What the task asks: Could you restate word for word only the lines below from the one holding "Drugi naszyjnik to" to the one holding "Dörrarna har skötts", inclusive, and leave out the pictures?
#### Data
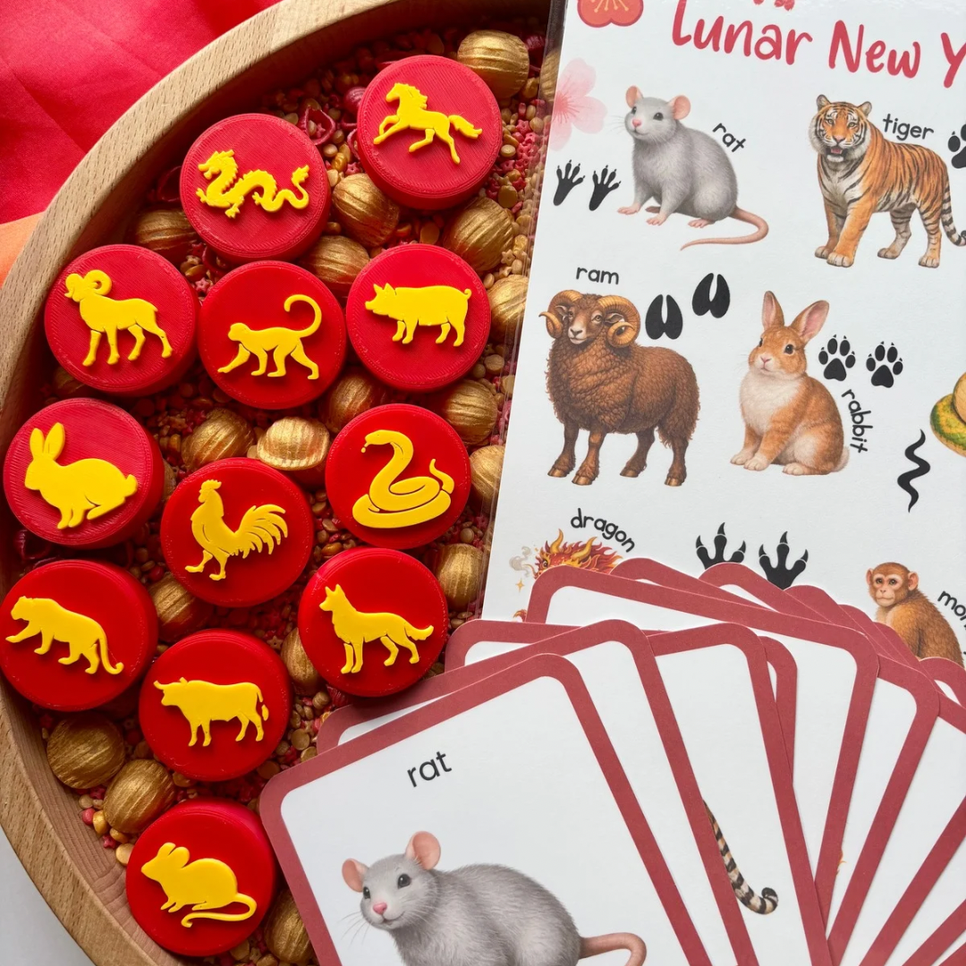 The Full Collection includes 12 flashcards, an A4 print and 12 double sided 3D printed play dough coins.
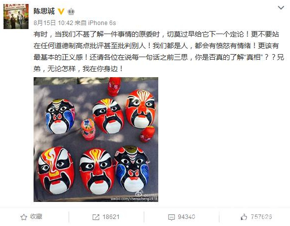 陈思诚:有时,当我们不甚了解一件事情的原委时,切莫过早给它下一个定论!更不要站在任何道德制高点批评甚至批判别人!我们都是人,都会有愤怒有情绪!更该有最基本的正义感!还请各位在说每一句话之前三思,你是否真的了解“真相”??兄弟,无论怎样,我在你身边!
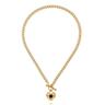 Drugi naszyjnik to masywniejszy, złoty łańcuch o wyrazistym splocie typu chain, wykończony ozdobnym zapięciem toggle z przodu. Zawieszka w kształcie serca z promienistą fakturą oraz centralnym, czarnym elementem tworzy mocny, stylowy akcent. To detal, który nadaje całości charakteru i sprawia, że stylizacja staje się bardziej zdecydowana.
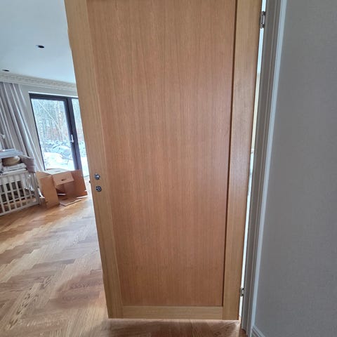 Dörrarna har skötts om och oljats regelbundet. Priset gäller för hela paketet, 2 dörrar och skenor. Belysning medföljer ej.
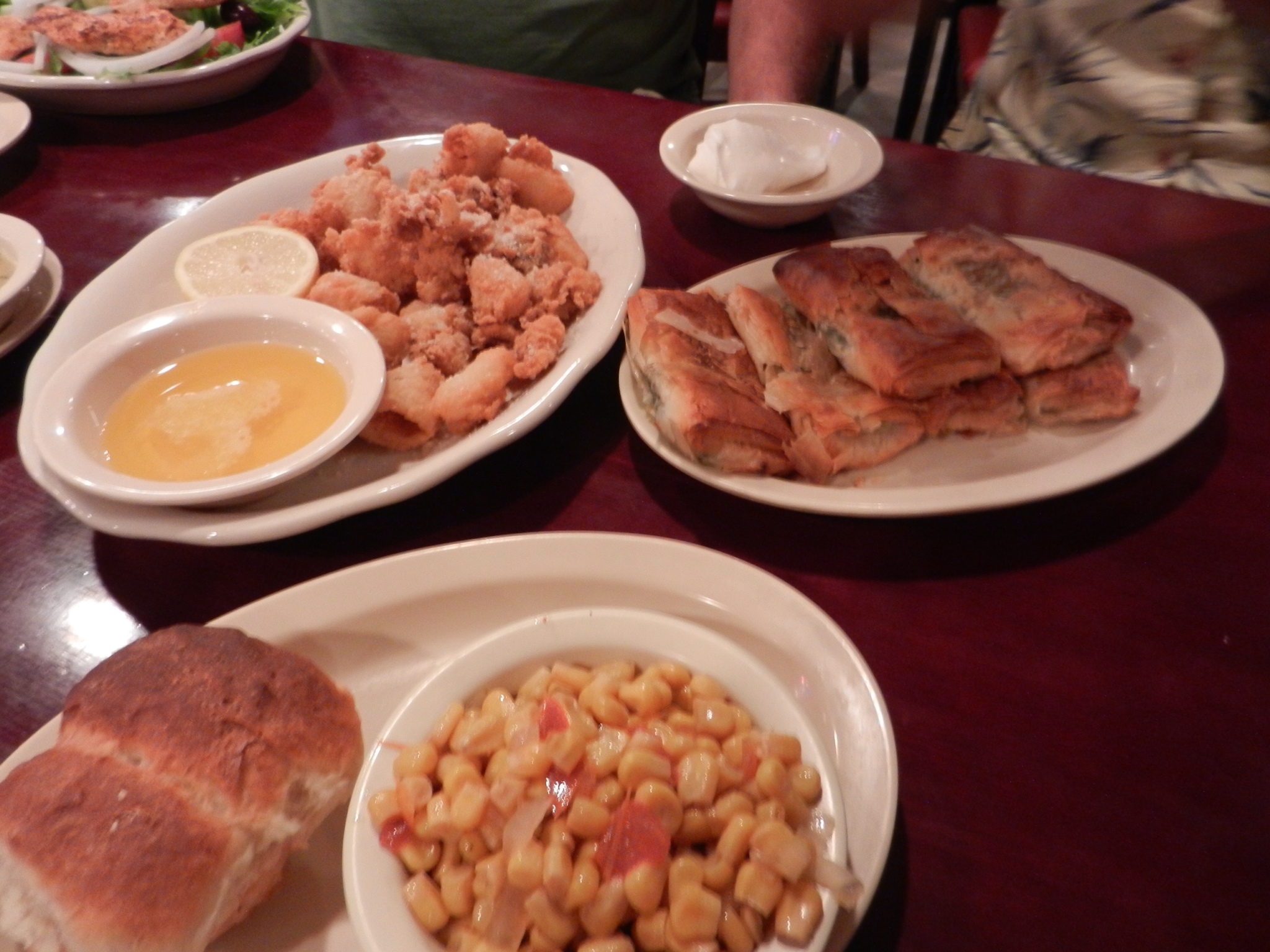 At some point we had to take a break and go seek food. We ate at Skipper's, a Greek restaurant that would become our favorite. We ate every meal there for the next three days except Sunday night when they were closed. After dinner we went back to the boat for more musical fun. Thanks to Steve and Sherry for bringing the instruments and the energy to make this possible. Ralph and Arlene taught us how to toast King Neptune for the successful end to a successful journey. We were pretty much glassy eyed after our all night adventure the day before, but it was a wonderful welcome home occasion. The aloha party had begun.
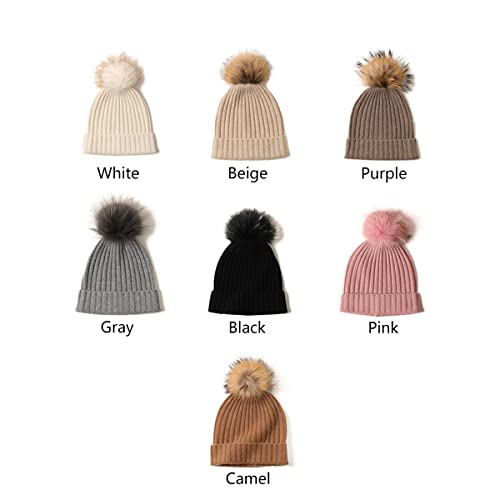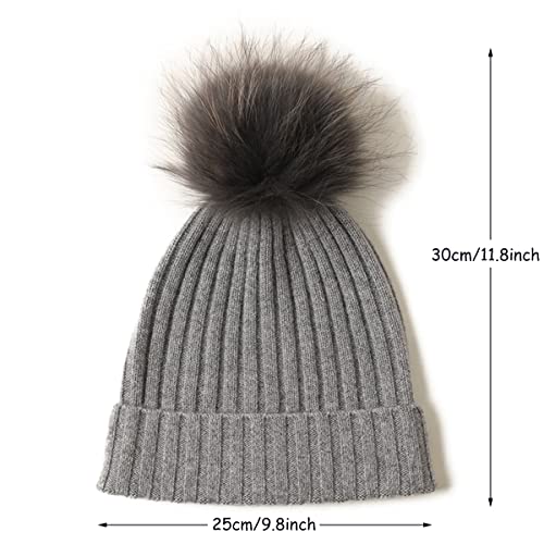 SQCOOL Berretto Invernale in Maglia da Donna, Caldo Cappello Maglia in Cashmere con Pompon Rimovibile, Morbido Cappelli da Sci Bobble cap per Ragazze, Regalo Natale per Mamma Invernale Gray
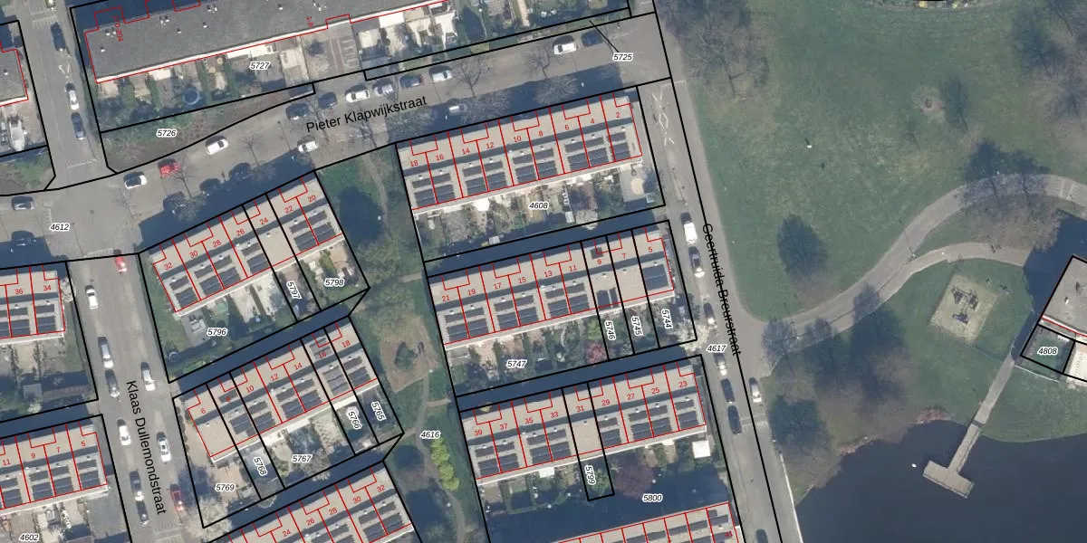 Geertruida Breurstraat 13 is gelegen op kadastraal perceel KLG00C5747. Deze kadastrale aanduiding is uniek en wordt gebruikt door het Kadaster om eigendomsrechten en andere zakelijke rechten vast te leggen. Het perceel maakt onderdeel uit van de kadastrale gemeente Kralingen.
########
Result for this task:
 Drugi naszyjnik to masywniejszy, złoty łańcuch o wyrazistym splocie typu chain, wykończony ozdobnym zapięciem toggle z przodu. Zawieszka w kształcie serca z promienistą fakturą oraz centralnym, czarnym elementem tworzy mocny, stylowy akcent. To detal, który nadaje całości charakteru i sprawia, że stylizacja staje się bardziej zdecydowana.
 Dörrarna har skötts om och oljats regelbundet. Priset gäller för hela paketet, 2 dörrar och skenor. Belysning medföljer ej.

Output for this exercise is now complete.